Stellglieder werden folgendermaßen unterschieden:

  • Proportionale Stellglieder mit stetigem Stellsignal

    Proportional zum Ausgangswert werden Öffnungsgrade, Drehwinkel oder Positionen eingenommen. Der Ausgangswert wirkt innerhalb des Stellbereiches in analoger Weise auf den Prozess ein.

    Zu den Stellgliedern dieser Gruppe gehören federbelastete pneumatische Antriebe, aber auch motorische Antriebe mit Stellungsrückmeldung, bei denen ein Stellungsregelkreis gebildet wird.

    Der Ausgangswert wird von einem kontinuierlichen Regler erzeugt, z. B. PID_Compact.

  • Proportionale Stellglieder mit pulsweitenmoduliertem Signal

    Bei diesen Stellgliedern wird im Takt der Abtastzeit ein Impuls ausgegeben, dessen Länge proportional zum Ausgangswert ist.

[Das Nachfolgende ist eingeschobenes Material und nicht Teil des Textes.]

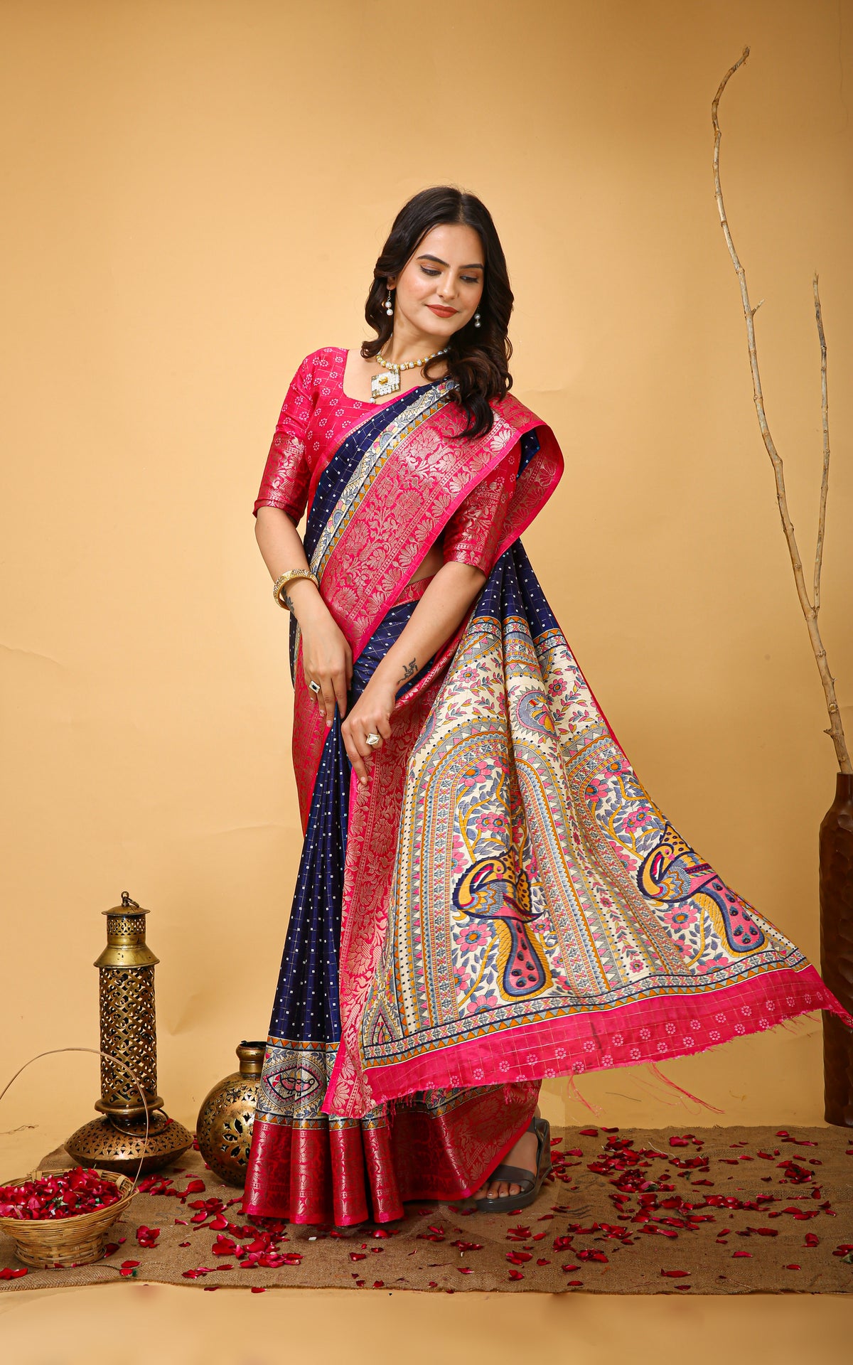 New Enchanting soft cotton Dot Printed Navy Blue Saree With Unstiched Blouse

Das Stellglied - z. B. ein Heizwiderstand oder ein Kühlaggregat - wird taktsynchron je nach Ausgangswert unterschiedlich lange eingeschaltet.

    Das Stellsignal kann entweder unipolar die Zustände "Ein" oder "Aus" annehmen oder bipolar z. B. die Werte "Auf/Zu", "Vorwärts/Rückwärts", "Beschleunigen/Bremsen" usw. repräsentieren.

    Der Ausgangswert wird von einem Zweipunktregler erzeugt, z. B. PID_Compact mit Pulsweitenmodulation.

  • Integral wirkende Stellglieder mit Dreipunktstellsignal

    Häufig werden Stellglieder durch Motoren betätigt, bei denen die Einschaltdauer proportional zum Verstellweg des Drosselorgans ist. Dazu zählen z. B. Ventile, Klappen und Schieber. Trotz unterschiedlichster Bauformen ist diesen Stellgliedern gemeinsam, dass sie der Wirkung eines I-Anteils am Streckeneingang entsprechen.

    Der Ausgangswert wird von einem Schrittregler erzeugt, z. B. PID_3Step.